16.5 C
New York
Sunday, June 15, 2025

Buy now

OpenAI upgrades its transcription and voice-generating AI models

OpenAI is bringing new transcription and voice-generating AI fashions to its API that the corporate claims enhance upon its earlier releases.

For OpenAI, the fashions match into its broader “agentic” imaginative and prescient: constructing automated techniques that may independently accomplish duties on behalf of customers. The definition of “agent” is perhaps in dispute, however OpenAI Head of Product Olivier Godemont described one interpretation as a chatbot that may converse with a companies’ prospects.

“We’re going to see increasingly more brokers pop up within the coming months” Godemont instructed iinfoai throughout a briefing. “And so the final theme helps prospects and builders leverage brokers which might be helpful, out there, and correct.”

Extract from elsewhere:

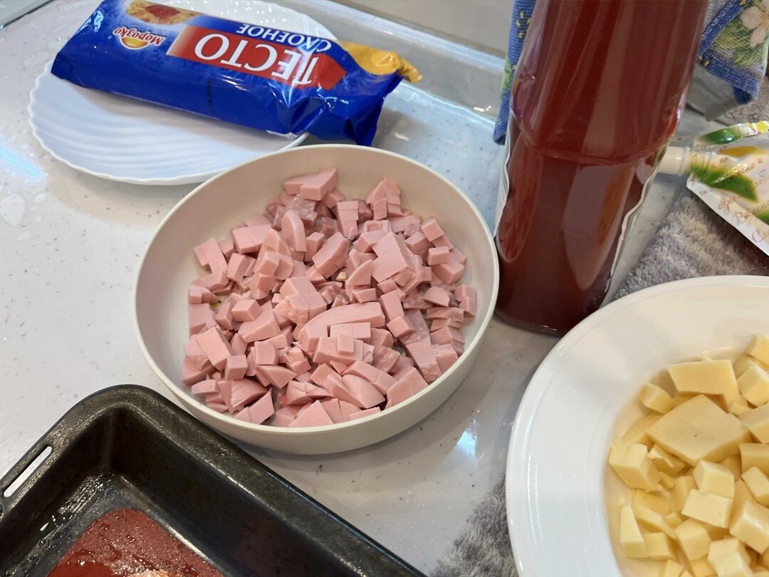 Привет дорогие друзья, меня зовут Алексей, я готовлю разные вкусные и простые блюда, у меня есть еще канал на ютубе, называется ДОМАШНЯЯ ЗАГОТОВКА там у меня больше 1500 видео разных направлений рецептов ,есть там плейлисты с разделами, я уверен вы точно подберете себе блюдо на любой вкус, я очень стараюсь для вас ,если вам интересно заходите и на ютубе канал буду очень рад с вами подружится, там же можете оставить мне комментарий, с радость на него отвечу ,еще друзья попрошу вас писать комментарии и ваши пожелания ,вместе с вами и прекрасным настроением всегда, на приготовлении сегодня у нас будет Ленивая пицца дома. Вкусно и просто вот такой у нас состав сегодня тесто слоеное размораживаем в холодильнике постепенно разворачиваем разрезаем на кубики примерно 10 на 10 поддон смазываем растительным маслом выкладываем наше тесто колбаску и твердый сыр нарезаем небольшим кубиком складываем все вместе добавляем немного майонеза (ну разок можно себя так побаловать) и кетчуп все перемешиваем

OpenAI claims that its new text-to-speech mannequin, “gpt-4o-mini-tts,” not solely delivers extra nuanced and realistic-sounding speech however is extra “steerable” than its previous-gen speech-synthesizing fashions. Builders can instruct gpt-4o-mini-tts on the best way to say issues in pure language — for instance, “converse like a mad scientist” or “use a serene voice, like a mindfulness instructor.”

Right here’s a “true crime-style,” weathered voice:

And right here’s a pattern of a feminine “skilled” voice:

Jeff Haris, a member of the product employees at OpenAI, instructed iinfoai that the objective is to let builders tailor each the voice “expertise” and “context.”

“In numerous contexts, you don’t simply need a flat, monotonous voice,” Harris continued. “In case you’re in a buyer help expertise and also you need the voice to be apologetic as a result of it’s made a mistake, you possibly can even have the voice have that emotion in it […] Our large perception, right here, is that builders and customers need to actually management not simply what’s spoken, however how issues are spoken.”

See also  Dapr’s microservices runtime now supports AI agents

As for OpenAI’s new speech-to-text fashions, “gpt-4o-transcribe” and “gpt-4o-mini-transcribe,” they successfully change the corporate’s long-in-the-tooth Whisper transcription mannequin. Educated on “various, high-quality audio datasets,” the brand new fashions can higher seize accented and different speech, OpenAI claims, even in chaotic environments.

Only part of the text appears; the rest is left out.